🤖 AI Summary
This work addresses an emerging safety issue in large vision-language models (VLMs): *implicit reasoning safety*—where benign multimodal inputs trigger harmful outputs due to latent, defective cross-modal reasoning within the model. We formally define this concept and introduce SSUI, the first dedicated benchmark for evaluating implicit reasoning vulnerabilities under image-text compositions. Methodologically, we integrate multimodal safety analysis, implicit reasoning path tracing, and in-context learning (ICL)-based intervention. Experiments demonstrate that lightweight ICL prompts—without model fine-tuning—significantly suppress such unsafe behaviors, establishing ICL as an efficient, parameter-free defense paradigm. Our contributions include: (1) a novel conceptual framework for VLM safety, (2) SSUI—a standardized evaluation benchmark exposing implicit reasoning flaws, and (3) a practical, deployable mitigation strategy.
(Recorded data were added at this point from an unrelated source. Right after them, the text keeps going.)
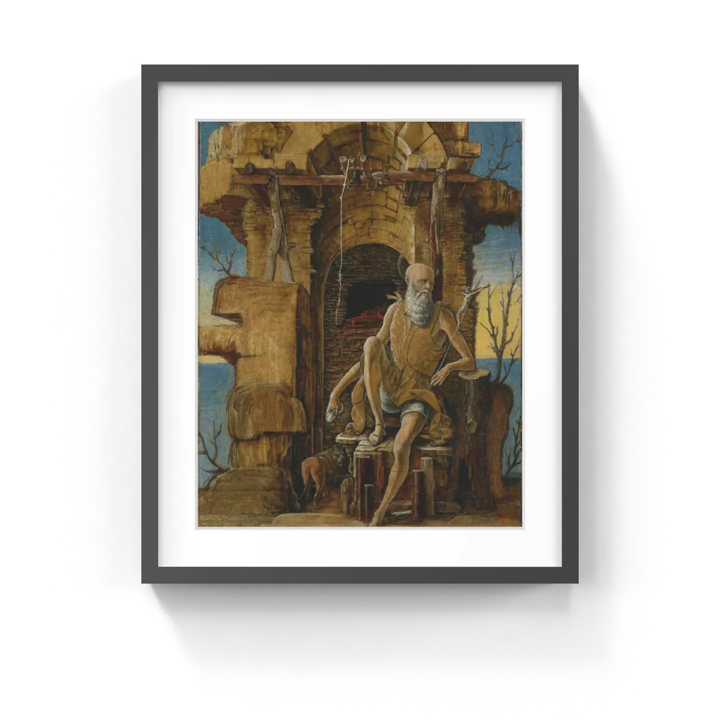 Ercole de'Roberti (Italian, about 1450–1496) For four years, Saint Jerome retreated to the desert, where he purified his soul through physical suffering. The bearded saint sits in front of a barren and rocky background, his emaciated body a testament to his ascetic life. He directs his gaze to a crucifix that he holds in his left hand. During his time of religious contemplation, Saint Jerome was tormented by vivid hallucinations; his right hand clasps a rock with which he would beat his breast until the visions passed. A nook in the vaulted structure behind him holds his attributes: a cardinal's hat and a book referring to his translation of the Bible into Latin. A small lion inside the shelter recalls the fable in which Jerome pulls a thorn from a lion's paw, forever securing the animal's devotion. Ercole de'Roberti was artist to the court of Ferrara in northern Italy. The elongated forms, taut, linear rhythms, subtle colors, and meticulous, gold-flecked details of this painting convey the sophistication prized by Ercole's aristocratic patrons. This small devotional painting demands a focused concentration from the viewer that echoes Jerome's efforts to come closer to God.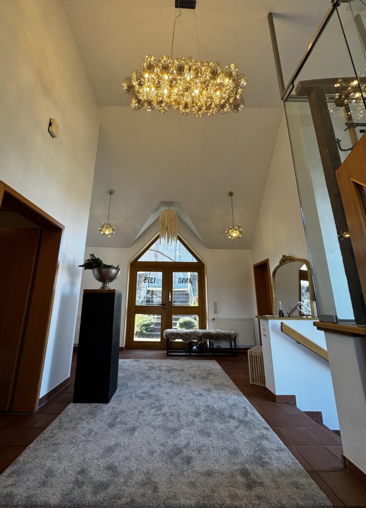 …wurde das restaurierte Urwerk der Martinskirche im Foyer für Euch aufgebahrt. Es weißt darauf hin, wie vergänglich besonders die SCHÖNEN Momente sind. Erstmals 1375 wurde in den Geschichtsbüchern eine Kapelle in Udenhain erwähnt. In den darauffolgenden Jahrhunderten erfolgte der Bau der Wehrkirche die zum Wahrzeichen von Udenhain gehört. In diesem Zuge haben wir uns für den Schriftzug ANNO 1375 an den Flügeltüren des Foyers entschieden.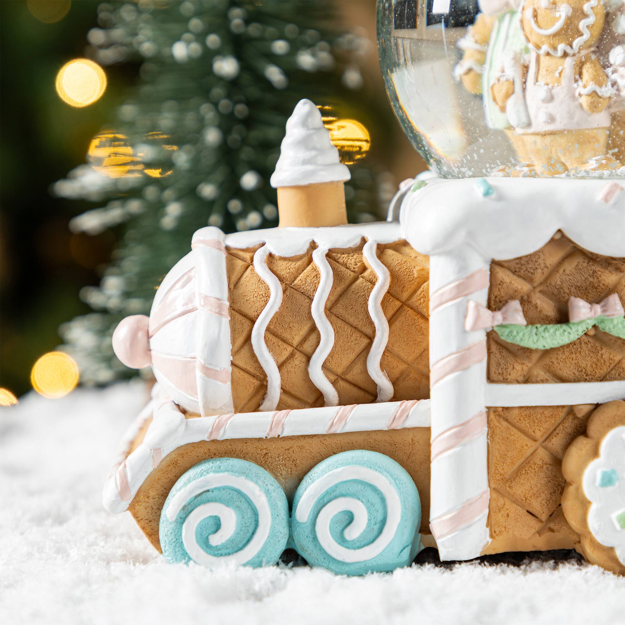 Glitzhome® 100mm Christmas Resin Musical Snowflakes Ginginerbread Family Train Waterglobe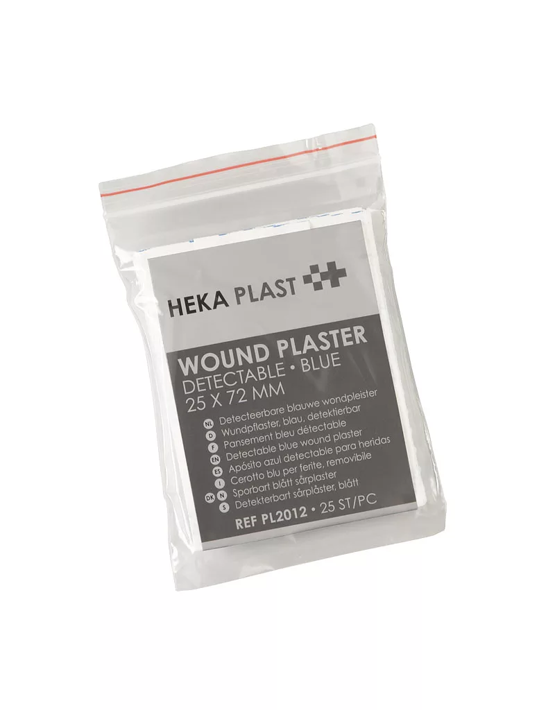 De Heka plast detectable met aluminium strips onder het wondkussen zijn makkelijk detecteerbare wondpleisters. Het dragermateriaal is PE. Door het niet-verklevende wondkussen kleeft deze niet aan de wond en laat het zich pijnloos verwijderen.

This work advances VLM safety assessment and robustness enhancement through new theoretical insight, empirical grounding, and actionable methodology.
📝 Abstract
Large Vision-Language Models face growing safety challenges with multimodal inputs. This paper introduces the concept of Implicit Reasoning Safety, a vulnerability in LVLMs. Benign combined inputs trigger unsafe LVLM outputs due to flawed or hidden reasoning. To showcase this, we developed Safe Semantics, Unsafe Interpretations, the first dataset for this critical issue. Our demonstrations show that even simple In-Context Learning with SSUI significantly mitigates these implicit multimodal threats, underscoring the urgent need to improve cross-modal implicit reasoning.